On Friday, August 28,2020, the Government filed an Information charging Defendant with two felony offenses arising out of his alleged participation in a conspiracy to receive illegal “kickbacks” (in the form of fees for speaking engagements) from a prescription drug distributor in exchange for Defendant's allegedly improper writing of prescriptions for a particular drug. The Information was docketed with the Clerk of Court on Friday, August 28, 2020. (DE 3 at 4-11). The Information states that Defendant committed the alleged offenses from August 2012 to August 31, 2015. (Id. at 4, 14). Three days later, on the date that the statute of limitations expired, the Government served the Defendant with the Information at 6:33 PM in the evening. (DE 37 at 2). Defendant had at no time consented to prosecution by information or waived his right to indictment by a grand jury. (Id. at 18). Moreover, Defendant's intentions in this regard were made known to the Government before it chose to proceed by way of information.

Two days later, the Government sought dismissal without prejudice, under Federal Rule of Criminal Procedure 48(a). (DE 8). The Government's position was that its unilateral filing of the Information served to “institute” the prosecution against Defendant before the five years was up under 18 U.S.C. § 3282(a), and its subsequent dismissal would trigger the tolling of the statute of limitations by six months under 18 U.S.C. § 3288.

All of this had been done against the backdrop of the COVID-19 pandemic. At the time, grand juries in the Southern District of Florida had been suspended. In moving to dismiss the Information, the Government asserted that it intended to obtain a grand jury Indictment upon such time as it was able, when grand juries reconvened.

Grand juries were suspended from March 26, 2020, to November 17, 2020.

I had some misgivings about the Government's methods, so I ordered supplemental briefing, held oral argument, and ultimately denied the Government's request that the dismissal be without prejudice. Instead, I dismissed with prejudice upon finding that the Government's tactical use of Rule 48, for the specific purpose of evading the statute of limitations, was an impermissible effort to circumvent the law. And allowing the Government to obtain a dismissal by these means would have invited unlawful action, I believed, because the statute had expired, and therefore no further prosecution could be had.

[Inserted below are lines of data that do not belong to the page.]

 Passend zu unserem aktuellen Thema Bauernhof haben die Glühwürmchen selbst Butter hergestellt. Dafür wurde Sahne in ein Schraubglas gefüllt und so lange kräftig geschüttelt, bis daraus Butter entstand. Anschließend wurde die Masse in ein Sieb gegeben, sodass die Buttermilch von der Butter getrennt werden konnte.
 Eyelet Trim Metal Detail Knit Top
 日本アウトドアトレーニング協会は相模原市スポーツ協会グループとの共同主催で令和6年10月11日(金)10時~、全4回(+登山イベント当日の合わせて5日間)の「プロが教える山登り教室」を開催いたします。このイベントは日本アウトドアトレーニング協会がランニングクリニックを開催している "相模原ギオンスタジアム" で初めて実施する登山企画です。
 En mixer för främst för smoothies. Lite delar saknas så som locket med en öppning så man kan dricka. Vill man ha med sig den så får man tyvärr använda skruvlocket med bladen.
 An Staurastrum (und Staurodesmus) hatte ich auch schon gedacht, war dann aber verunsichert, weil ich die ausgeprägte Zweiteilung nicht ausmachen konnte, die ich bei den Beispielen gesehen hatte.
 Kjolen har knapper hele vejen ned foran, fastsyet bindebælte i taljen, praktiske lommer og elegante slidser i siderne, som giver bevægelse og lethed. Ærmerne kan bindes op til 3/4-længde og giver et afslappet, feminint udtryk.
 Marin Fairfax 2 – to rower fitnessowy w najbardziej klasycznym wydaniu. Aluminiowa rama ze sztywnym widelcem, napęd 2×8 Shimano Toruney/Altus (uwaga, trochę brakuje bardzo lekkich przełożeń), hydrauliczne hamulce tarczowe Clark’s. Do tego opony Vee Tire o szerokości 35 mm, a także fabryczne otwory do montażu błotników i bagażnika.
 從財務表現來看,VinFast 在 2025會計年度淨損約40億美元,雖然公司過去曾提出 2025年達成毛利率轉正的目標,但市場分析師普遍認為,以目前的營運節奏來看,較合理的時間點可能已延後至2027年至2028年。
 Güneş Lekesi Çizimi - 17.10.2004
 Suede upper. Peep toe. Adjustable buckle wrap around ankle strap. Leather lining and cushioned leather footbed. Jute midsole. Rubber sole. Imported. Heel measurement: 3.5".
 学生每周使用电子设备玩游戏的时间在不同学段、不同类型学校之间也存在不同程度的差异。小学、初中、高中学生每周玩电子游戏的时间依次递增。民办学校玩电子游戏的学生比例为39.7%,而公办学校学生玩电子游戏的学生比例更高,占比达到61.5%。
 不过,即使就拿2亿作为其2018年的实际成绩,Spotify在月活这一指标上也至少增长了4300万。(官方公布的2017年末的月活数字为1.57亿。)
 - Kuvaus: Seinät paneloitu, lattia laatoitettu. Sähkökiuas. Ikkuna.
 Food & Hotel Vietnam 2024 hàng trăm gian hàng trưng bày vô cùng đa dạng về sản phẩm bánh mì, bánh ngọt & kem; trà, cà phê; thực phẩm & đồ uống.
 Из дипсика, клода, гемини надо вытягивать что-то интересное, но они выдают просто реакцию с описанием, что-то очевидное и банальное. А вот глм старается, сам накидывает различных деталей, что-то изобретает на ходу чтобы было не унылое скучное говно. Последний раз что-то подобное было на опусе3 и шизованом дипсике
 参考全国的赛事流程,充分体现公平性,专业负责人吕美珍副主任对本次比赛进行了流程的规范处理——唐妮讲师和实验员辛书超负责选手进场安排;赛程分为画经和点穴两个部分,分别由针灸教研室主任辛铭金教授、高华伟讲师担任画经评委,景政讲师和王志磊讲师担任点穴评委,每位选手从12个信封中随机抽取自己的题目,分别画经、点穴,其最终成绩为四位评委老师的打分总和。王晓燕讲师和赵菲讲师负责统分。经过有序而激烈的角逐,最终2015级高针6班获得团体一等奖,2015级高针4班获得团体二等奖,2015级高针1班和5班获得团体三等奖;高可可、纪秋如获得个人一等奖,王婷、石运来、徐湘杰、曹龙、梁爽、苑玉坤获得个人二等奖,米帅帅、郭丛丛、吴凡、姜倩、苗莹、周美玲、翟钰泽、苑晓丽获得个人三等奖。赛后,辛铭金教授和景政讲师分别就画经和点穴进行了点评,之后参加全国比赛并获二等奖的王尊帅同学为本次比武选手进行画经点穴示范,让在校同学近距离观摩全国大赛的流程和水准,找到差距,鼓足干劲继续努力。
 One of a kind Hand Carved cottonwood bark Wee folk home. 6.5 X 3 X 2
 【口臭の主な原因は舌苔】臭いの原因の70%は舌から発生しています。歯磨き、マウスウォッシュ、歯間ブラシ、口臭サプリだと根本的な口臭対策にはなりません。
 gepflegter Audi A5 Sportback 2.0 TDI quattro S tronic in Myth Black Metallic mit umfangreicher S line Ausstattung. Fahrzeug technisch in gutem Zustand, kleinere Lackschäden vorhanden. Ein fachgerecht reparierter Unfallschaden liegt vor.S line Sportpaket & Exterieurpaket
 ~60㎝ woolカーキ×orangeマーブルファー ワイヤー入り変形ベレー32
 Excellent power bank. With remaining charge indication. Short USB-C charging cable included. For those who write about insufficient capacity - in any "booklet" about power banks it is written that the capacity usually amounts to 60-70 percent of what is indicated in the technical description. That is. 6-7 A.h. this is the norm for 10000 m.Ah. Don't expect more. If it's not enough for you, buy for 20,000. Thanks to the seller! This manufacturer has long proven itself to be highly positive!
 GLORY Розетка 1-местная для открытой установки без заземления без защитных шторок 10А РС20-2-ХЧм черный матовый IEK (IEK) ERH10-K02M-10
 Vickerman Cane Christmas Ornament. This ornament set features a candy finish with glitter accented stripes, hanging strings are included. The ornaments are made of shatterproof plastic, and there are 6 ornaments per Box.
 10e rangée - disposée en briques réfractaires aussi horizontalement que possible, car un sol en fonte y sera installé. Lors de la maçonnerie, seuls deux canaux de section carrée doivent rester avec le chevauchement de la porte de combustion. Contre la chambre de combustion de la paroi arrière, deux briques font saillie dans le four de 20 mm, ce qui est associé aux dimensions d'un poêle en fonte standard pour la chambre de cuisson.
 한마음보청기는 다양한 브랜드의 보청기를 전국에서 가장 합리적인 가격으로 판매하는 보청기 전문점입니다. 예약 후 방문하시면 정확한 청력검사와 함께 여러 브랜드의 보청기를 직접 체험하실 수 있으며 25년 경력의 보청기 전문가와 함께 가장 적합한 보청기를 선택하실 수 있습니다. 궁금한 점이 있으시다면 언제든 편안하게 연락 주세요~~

On November 22,2022, a divided panel of the Eleventh Circuit vacated my dismissal order and remanded. United States v. B.G.G., 53 F.4th 1353,1370 (11th Cir. 2022). The court held that in dismissing with prejudice, I failed to make a finding that the Government s reasons for the dismissal amounted to bad faith, which is required to overcome the presumption of good faith to which the Government is entitled under Rule 48. Id. at 1369-70. Therefore, the Eleventh Circuit vacated my order of dismissal, which left the Information in effect, and the court remanded for further proceedings against Defendant. The mandate issued on January 31, 2023. (DE 27).

On July 13, 2023, the Government filed a sealed “Superseding Indictment” against Defendant. (DE 30). The Government thereafter moved to dismiss the Information without prejudice. (DE 32). My Order on Remand denies the Motion to Dismiss the Information for lack of subject matter jurisdiction (DE 52).

Before me is the Defendant's Motion to Dismiss Indictment, filed August 4, 2023, (DE 37), to which the Government responded and the Defendant replied (DE 42, DE 47). For all the reasons below, I find that the Indictment was untimely and will grant the Defendant's Motion to Dismiss.

DISCUSSION

A. The Government's Strategy

Before answering the question of whether the Government s Superseding Indictment was timely, here are the mechanics of how the Government proposes to use the Rules and statutes to claim that it timely filed the Indictment.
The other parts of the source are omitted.